论文标题
Lipschitz损失的高维测量误差模型
High-dimensional Measurement Error Models for Lipschitz Loss
论文作者
论文摘要
最近,新兴的大规模生物医学数据为科学发现带来了激动人心的机会。但是,数据中的超高维度和不可忽略的测量错误可能会在估计中造成困难。具有测量误差的高维协变量的方法有限,通常需要了解噪声分布并关注线性或广义线性模型。在这项工作中,我们为一类Lipschitz损失函数开发了高维测量误差模型,其中包括逻辑回归,铰链损耗和分位回归等。我们的估计器旨在最大程度地减少所有属于合适可行集合的估计器中的$ L_1 $规范,而无需了解噪声分布。随后,我们将这些估计器推广到一个可以在计算上可扩展到更高维度的LASSO模拟版本。我们从有限样本统计误差界限和签名一致性方面得出理论保证,即使维度随样本量呈指数增长。广泛的模拟研究表明,与分类和分数回归问题的现有方法相比,性能优越。基于人类Connectome项目数据中大脑功能连接性的性别分类任务的应用程序说明了我们方法下的准确性提高,并且能够可靠地识别出驱动性别差异的重要大脑连接的能力。
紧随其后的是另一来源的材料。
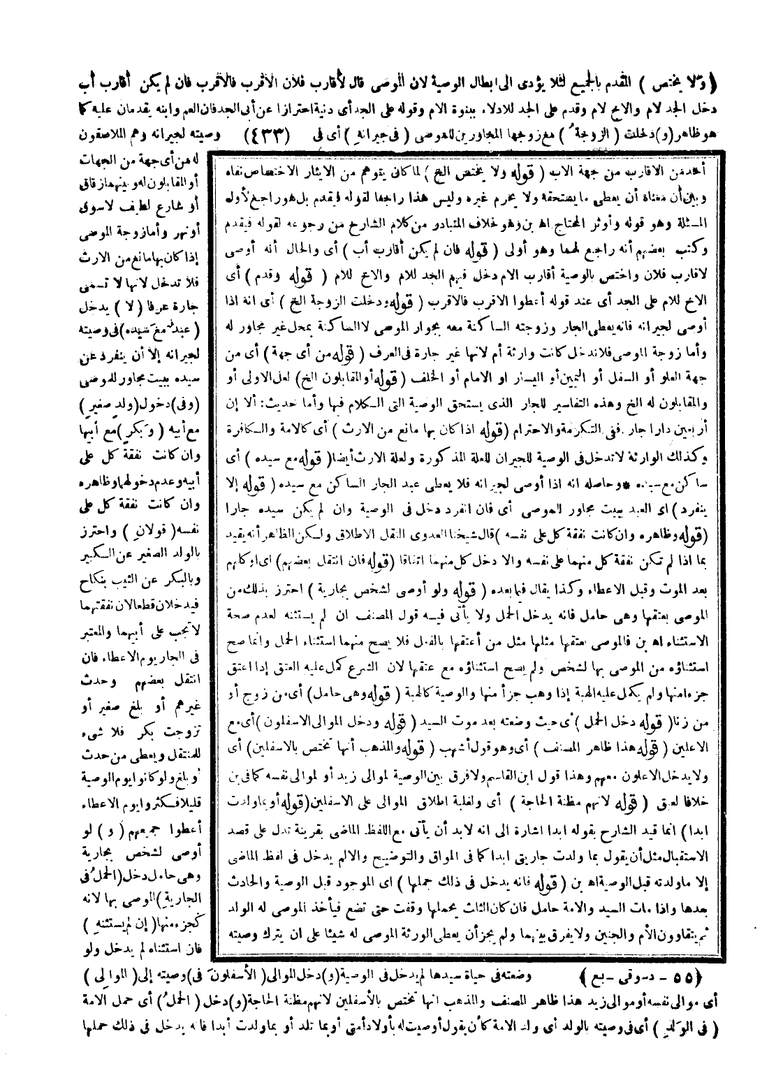 (وَ) دَخَلَتْ (الزَّوْجَةُ) مَعَ زَوْجِهَا الْمُجَاوِرِينَ لِلْمُوصِي (فِي جِيرَانِهِ) أَيْ فِي وَصِيَّتِهِ لِجِيرَانِهِ وَهُمْ الْمُلَاصِقُونَ لَهُ مِنْ أَيِّ جِهَةٍ مِنْ الْجِهَاتِ أَوْ الْمُقَابِلُونَ لَهُ وَبَيْنَهُمَا زُقَاقٌ أَوْ شَارِعٌ لَطِيفٌ لَا سُوقٌ أَوْ نَهْرٌ وَأَمَّا زَوْجَةُ الْمُوصِي إذَا كَانَ بِهَا مَانِعٌ مِنْ الْإِرْثِ فَلَا تَدْخُلُ؛ لِأَنَّهَا لَا تُسَمَّى جَارَةً عُرْفًا (لَا) يَدْخُلُ (عَبْدٌ مَعَ سَيِّدِهِ) فِي وَصِيَّتِهِ لِجِيرَانِهِ إلَّا أَنْ يَنْفَرِدَ عَنْ سَيِّدِهِ بِبَيْتٍ مُجَاوِرٍ لِلْمُوصِي (وَفِي) دُخُولِ (وَلَدٍ صَغِيرٍ) مَعَ أَبِيهِ (وَبِكْرٍ) مَعَ أَبِيهَا وَإِنْ كَانَتْ نَفَقَةُ كُلٍّ عَلَى أَبِيهِ وَعَدَمُ دُخُولِهِمَا وَظَاهِرُهُ وَإِنْ كَانَتْ نَفَقَةُ كُلٍّ عَلَى نَفْسِهِ (قَوْلَانِ) وَاحْتَرَزَ بِالْوَلَدِ الصَّغِيرِ عَنْ الْكَبِيرِ وَبِالْبِكْرِ عَنْ الثَّيِّبِ بِنِكَاحٍ فَيَدْخُلَانِ قَطْعًا؛ لِأَنَّ نَفَقَتَهُمَا لَا تَجِبُ عَلَى أَبِيهِمَا وَالْمُعْتَبَرُ فِي الْجَارِ يَوْمُ الْإِعْطَاءِ فَإِنْ انْتَقَلَ بَعْضُهُمْ وَحَدَثَ غَيْرُهُمْ أَوْ بَلَغَ صَغِيرٌ أَوْ تَزَوَّجَتْ بِكْرٌ فَلَا شَيْءَ لِلْمُنْتَقِلِ وَيُعْطِي مَنْ حَدَثَ أَوْ بَلَغَ وَلَوْ كَانُوا يَوْمَ الْوَصِيَّةِ قَلِيلًا فَكَثُرُوا يَوْمَ الْإِعْطَاءِ أُعْطُوا جَمِيعُهُمْ.

Recently emerging large-scale biomedical data pose exciting opportunities for scientific discoveries. However, the ultrahigh dimensionality and non-negligible measurement errors in the data may create difficulties in estimation. There are limited methods for high-dimensional covariates with measurement error, that usually require knowledge of the noise distribution and focus on linear or generalized linear models. In this work, we develop high-dimensional measurement error models for a class of Lipschitz loss functions that encompasses logistic regression, hinge loss and quantile regression, among others. Our estimator is designed to minimize the $L_1$ norm among all estimators belonging to suitable feasible sets, without requiring any knowledge of the noise distribution. Subsequently, we generalize these estimators to a Lasso analog version that is computationally scalable to higher dimensions. We derive theoretical guarantees in terms of finite sample statistical error bounds and sign consistency, even when the dimensionality increases exponentially with the sample size. Extensive simulation studies demonstrate superior performance compared to existing methods in classification and quantile regression problems. An application to a gender classification task based on brain functional connectivity in the Human Connectome Project data illustrates improved accuracy under our approach, and the ability to reliably identify significant brain connections that drive gender differences.